如何将一组函数应用于R data.frame中的每个分组变量组(How to apply a set of functions to each group of a grouping variable

编程入门 行业动态 更新时间:2024-10-28 13:16:08
如何将一组函数应用于R data.frame中的每个分组变量组(How to apply a set of functions to each group of a grouping variable in R data.frame)

我需要一步重塑R 中的 data.frame。 简而言之,对象(x1到x6)的值的变化是逐行可见的(从1990年到1995年):

> tab1[1:10, ] # raw data see plot for tab1 id value year 1 x1 7 1990 2 x1 10 1991 3 x1 11 1992 4 x1 7 1993 5 x1 3 1994 6 x1 1 1995 7 x2 6 1990 8 x2 7 1991 9 x2 9 1992 10 x2 5 1993

我能够一步一步地重塑,有人知道如何一步到位吗?

原始数据表1 - 看到所有时间序列的最小值为“0”

步骤1:表2 - 重新缩放每个时间序列,每个时间序列的最小值等于“0”。 所有时间都落在x轴上

第2步:表3 - 在每个时间轴上应用diff()函数。

第3步:表4 - 对每个时间序列应用sort()函数。

我希望这些图片足够清晰,以便了解每一步。

所以决赛桌看起来像这样:

> tab4[1:10, ] id value time 1 x1 -4 1 2 x1 -4 2 3 x1 -2 3 4 x1 1 4 5 x1 3 5 6 x2 -4 1 7 x2 -3 2 8 x2 1 3 9 x2 1 4 10 x2 2 5

# Source data: tab1 <- data.frame(id = rep(c("x1","x2","x3","x4","x5","x6"), each = 6), value = c(7,10,11,7,3,1,6,7,9,5,2,3,11,9,7,9,1, 0,1,2,2,4,7,4,2,3,1,6,4,2,3,5,4,3,5,6), year = rep(c(1990:1995), times = 6)) tab2 <- data.frame(id = rep(c("x1","x2","x3","x4","x5","x6"), each = 6), value = c(6,9,10,6,2,0,4,5,7,3,0,1,11,9,7,9,1,0, 0,1,1,3,6,3,1,2,0,5,3,1,0,2,1,0,2,3), year = rep(c(1990:1995), times = 6)) tab3 <- data.frame(id = rep(c("x1","x2","x3","x4","x5","x6"), each = 5), value = c(3,1,-4,-4,-2,1,2,-4,-3,1,-2,-2,2,-8,-1, 1,0,2,3,-3,1,-2,5,-2,-2,2,-1,-1,2,1), time = rep(c(1:5), times = 6)) tab4 <- data.frame(id = rep(c("x1","x2","x3","x4","x5","x6"), each = 5), value = c(-4,-4,-2,1,3,-4,-3,1,1,2,-8,-2,-2,-1,2, -3,0,1,2,3,-2,-2,-2,1,5,-1,-1,1,2,2), time = rep(c(1:5), times = 6))
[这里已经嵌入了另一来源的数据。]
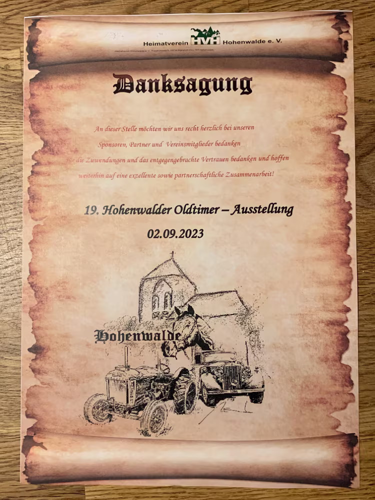 Frühschoppen und Schlagergottesdienst Ehrung der Kameraden der Freiwilligen Feuerwehr Stärkung zum Mittag ... und schon wird wieder alles abgebaut 18.10.2023 Hohenwalde im Nebel02.09.2023 19. Oltimer-Treffen

I need to reshape data.frame in R in one step. In short, change of values of objects (x1 to x6) is visible row by row (from 1990 to 1995):

> tab1[1:10, ] # raw data see plot for tab1 id value year 1 x1 7 1990 2 x1 10 1991 3 x1 11 1992 4 x1 7 1993 5 x1 3 1994 6 x1 1 1995 7 x2 6 1990 8 x2 7 1991 9 x2 9 1992 10 x2 5 1993

I am able to do reshaping step by step, does anybody know how do it in one step?
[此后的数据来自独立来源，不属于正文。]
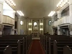 Im neuklassizistisch-neobarock gestalteten Innenraum mit 450 Sitzplätzen dominieren ein hölzernes Tonnengewölbe sowie eine mit Kassetten verzierte Hufeisenempore. An den beiden hinteren Pfeilern der Orgelempore sind Reste der ursprünglichen Ausmalung erhalten geblieben. Sie zeigen Szenen aus dem Garten Eden sowie Figuren aus der Reformation.
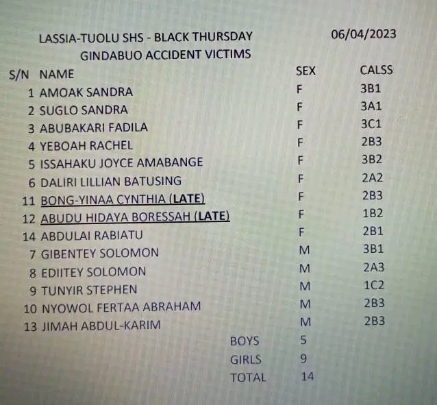 Two female students of Lassia-Tuolu Senior High School (SHS), Hidaya Seidu Abutu and a colleague lost their lives in a fatal car accident at Gindabuo in the Sawla-Tuna-Kalba District of the Savannah region.
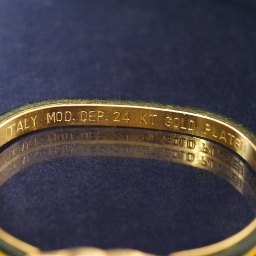 24金メッキ仕上げに、モスグリーンの革にゴールド縄目のデザイン

Original data Table 1 - see that minimal value from all timeseries is "0"

Step1: Table 2 - rescale each timeseries that each would have minimal value equal "0". All times fall down on x-axes.

Step2: Table 3 - apply diff() function on each timeline.

Step3: Table 4 - apply sort() function on each timeseries.

I hope the pictures are clear enough for understanding each step.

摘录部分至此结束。